RANN UTSAV: Cornucopia of Joy, Culture and Celebration

Kutch being a hub of vibrant and traditional fairs and festivals enjoys a brimming life where people from different tribal communities like Rabari, Ahir, Marwada and others assemble and celebrate with extreme joy. One such carnival that is known for the abundance of colourful celebrations is Rann Utsav. Taking place every year between November to February, this colourful carnival, organised with the support of Gujarat Tourism, swanks the true culture of Gujarat and also features a plethora of activities including the huge camp settlements with cultural programs, camel safari, musical moments, handicrafts display and adventure activities like hot-air ballooning. One also gets the opportunity to visit the villages in Rann and understand how locals spend their lives here and stay in one of the traditional huts or Bhungas in the Rann. But what enhances the true beauty is the endless shimmering view of the landscape. Especially, during a full moon night, the natural white light flashing on the desert sand gives a sheer glimpse of a paradise found on earth. Call it a photographer’s delight, a must-see tourist attraction, a carnival capturing lifetime moments or a brimming profusion of natural beauty, culture and tradition, Kutch, never fails to impress!

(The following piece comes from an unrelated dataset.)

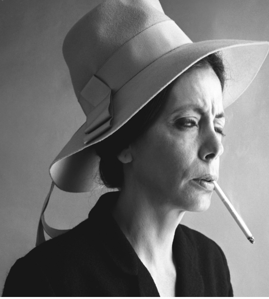
© Terry Wild - Merit Award

MANDVI: Surrender to Serenity

Once a famous port and now a famous tourist attraction in Kutch, Mandvi, famous for its beach and a centuries-old shipbuilding yard, is an ideal place where one gets to see the perfect amalgamation of sand, sun and sea. While the welcoming waters, white sandy shores and bustle of snack stalls make the beaches of Mandvi a must-visit, watching the sunset from here and walking barefoot on the golden sand, is a simple pleasure that one should not miss. Not just a serene place, Mandvi Beach is also known for its various avenues of adventure activities some of which include water sports like surfing, skiing, speed boating, water scooting, parasailing as well as camping adventures or simply relaxing ease with family or friends. Bollywood buffs and architecture lovers are sure to be enthralled by a visit to the nearby Vijay Vilas Palace that was built in 1929 by Rao Vijayrajji. You may also choose to head out to the nearby local markets that are known to sell rich handicrafts. End your day with a leisurely walk around the areas of the palace that are open to the public and marvel at the magnificently opulent architectural style.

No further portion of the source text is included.